Despite the uncertainty of such a proposition, one official, Maite Nkoana-Mashabane, South Africa’s foreign minister, nevertheless had the nerve to claim “We have saved planet Earth for the future of our children and our great-grandchildren.”
Apparently she’s forgotten that the alarmists have said that global warming must be solved now — that Prince Charles traveled to Rio de Janeiro 33 months ago and lamented that the world had “less than 100 months” to save itself.
So if we have roughly 67 months left, that puts the beginning of the end at some time in 2017. So why bother with framing a treaty that won’t start until 2020? Won’t that be too late?
It’s never too late, though, to continue scaring the public in hopes it will eventually give in and follow the alarmists and their asinine ideas.
The world might be lost in five or six years, but there’s always enough time to keep pushing for a corrupt redistribution of wealth that will drain developed nations.

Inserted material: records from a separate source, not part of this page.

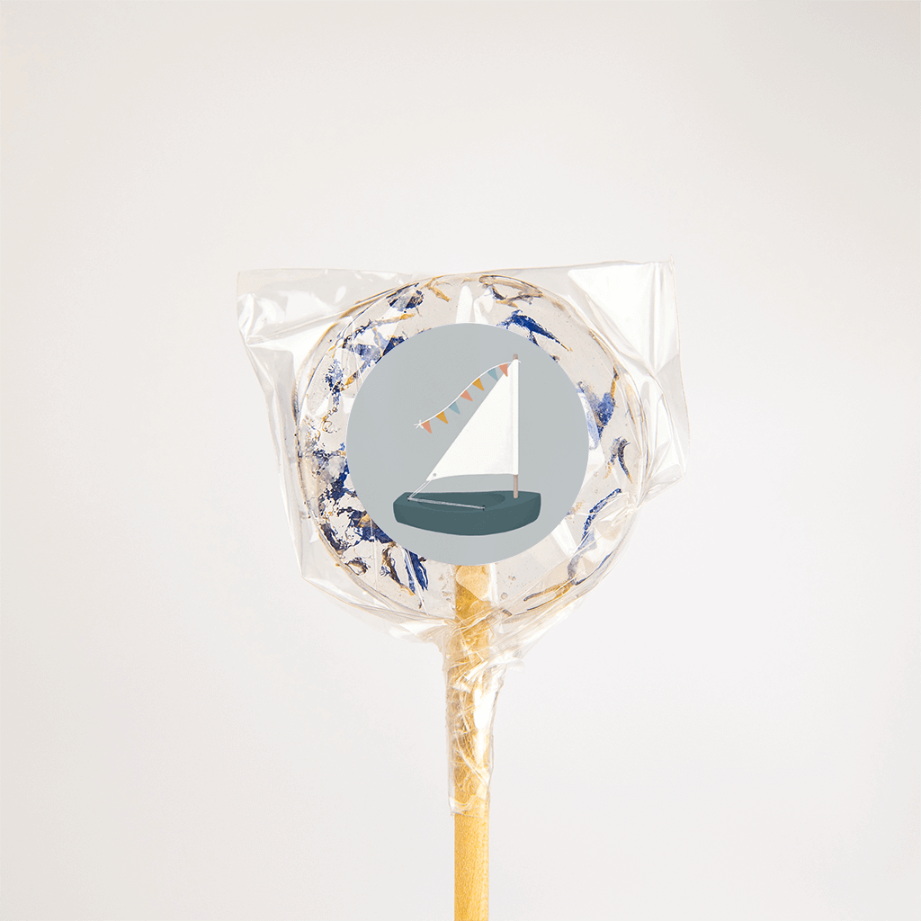 Een stoere sticker bij het geboortekaartje van jullie kleine! Op een grijze achtergrond staat een zeilbootje met een vrolijke vlaggetjesslinger in verschillende kleuren, wat een feest!| Totaalprijs: 0 |
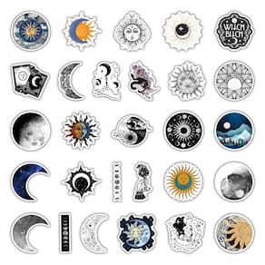Pacote de adesivos celestiais: inclui 60 adesivos de vinil com belos designs de luas, sóis, fases da lua e símbolos místicos da astrologia, perfeitos para entusiastas cósmicos. Duráveis e impermeáveis: feitos de material de vinil premium, esses decalques são à prova d'água, resistentes a arranhões e ideais para decorar seu laptop, garrafas de água, malas, skates e muito mais. Astrologia e desenhos de bruxas: com uma mistura de motivos celestiais, incluindo luas crescentes, sóis, estrelas e símbolos místicos, esses adesivos adicionam um toque de energia cósmica a qualquer superfície. Perfeito para personalização: ideal para decorar álbuns de recortes, diários, cadernos e capas de telefone, adicionando um toque mágico e celestial aos seus pertences pessoais. Ótimos para amantes da astrologia e da lua: indispensáveis para fãs de astrologia, temas celestiais e feitiçaria, esses adesivos são perfeitos para expressar sua conexão com o universo e as energias cósmicas.
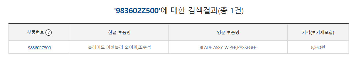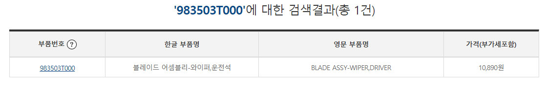 혹 그래도 8mm짜리 조수석이 좋고, 모비스 부품 대리점이 가까이 있는 분들을 위해 품번을 공유해드립니다.
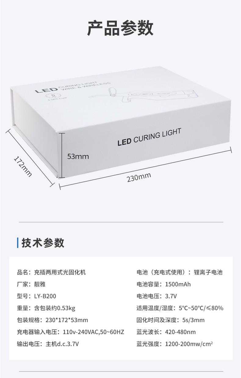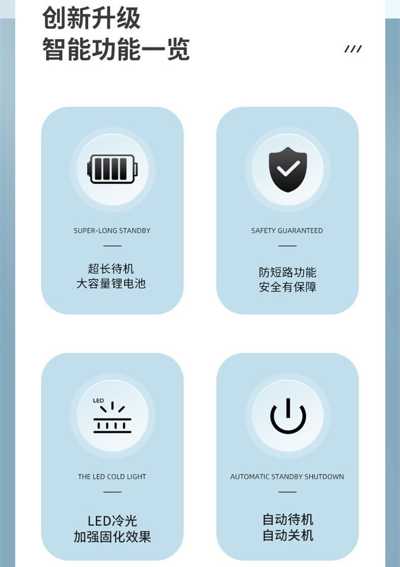 I. Características: ¡Se puede usar mientras se carga! ¡No hay necesidad de preocuparse por quedarse sin energía y no poder usarlo! Máquina de fotocurado de doble uso
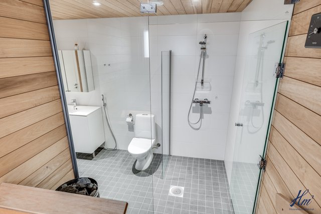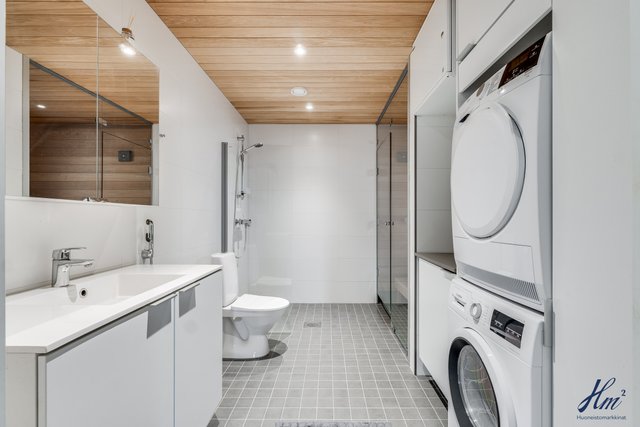- Suihku, pesukoneliitäntä, pesuallas, peilikaappi, wc-istuin, bidee-suihku, ja lattialämmitys
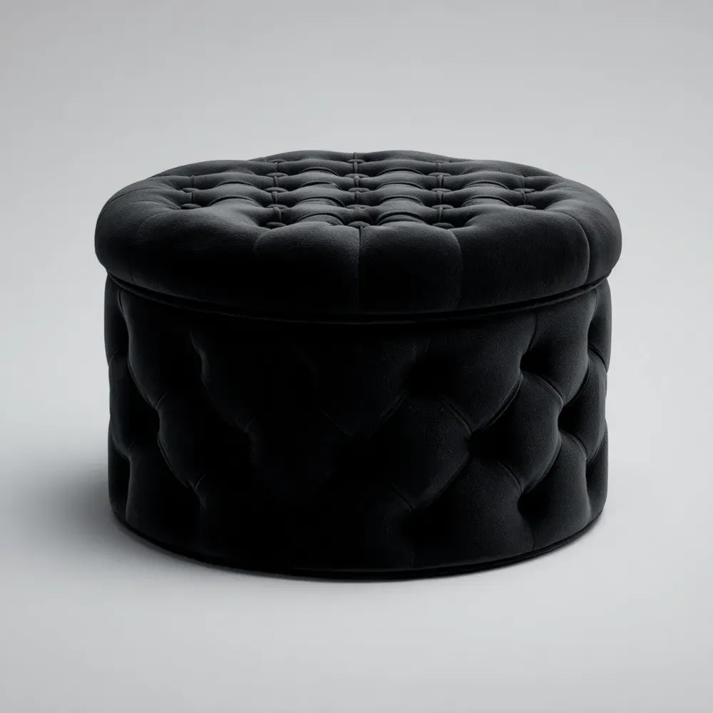 Runder Samt-Hocker mit Stauraum Schwarz

In the absence of such a deal, some conference representatives proposed a global climate court of justice that would let climate change “victims” force the rich, top carbon dioxide-producing countries to pay up.

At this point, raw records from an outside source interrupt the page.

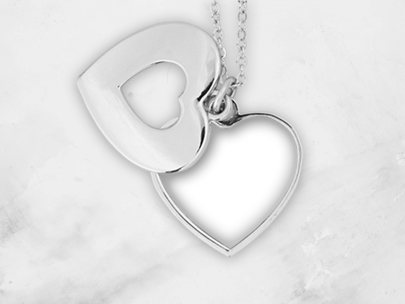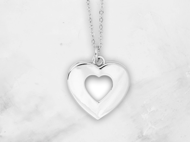 This heart necklace is made out of a zinc-alloy for long lasting durability and features an aluminium plate for printing. Heart size: 27 x 25mmNecklace length: 230mm (closed chain plus 60mm extender.
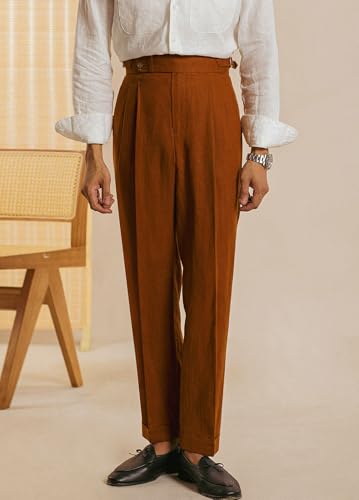 Vintage Men's Linen Pants Lightweight Premium Regular Fit Classic Dress Pants for Men Spring Summer 1
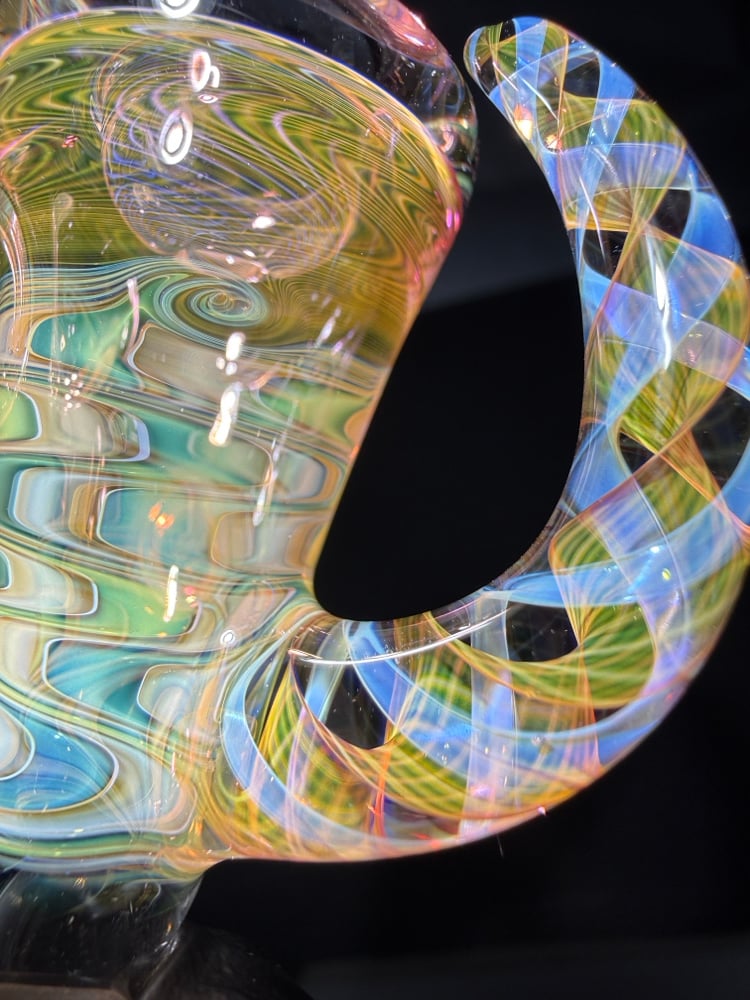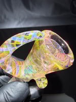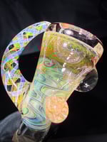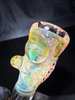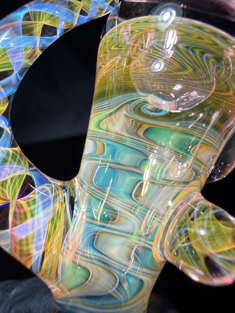 14 mm slide that is absolutely stunning, pinwheels blending sections together, vibrant, gold, and silver fume and that horn is bonkers

Jonathan Verschuuren, a professor of international and European environmental law writing for Radio Netherlands, assures us that “a climate court will certainly not materialize” because “the world’s industrialized countries have more sense than that.”

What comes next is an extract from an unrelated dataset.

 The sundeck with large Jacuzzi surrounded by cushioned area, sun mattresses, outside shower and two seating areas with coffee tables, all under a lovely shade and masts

Yes, the industrialized nations should have more sense than that. But do they?
Last week we wrote that “developed nations typically make a lot of noise about cutting greenhouse gas emissions” but aren’t willing to sacrifice their economies to the chimerical benefits of steep cuts. At least, that’s been the history. But the future is, as always, unsettled.
What if, for instance, voters re-elect President Obama and turn Congress back to the Democrats, and the British bring back the Labor Party? If so, an international climate court isn’t so unlikely, is it?
With the science incomplete, corrupt scientists, the alarmists exaggerating the case and the socialists itching to collect from all, a climate court could do more damage to the U.S. than the Axis powers ever could.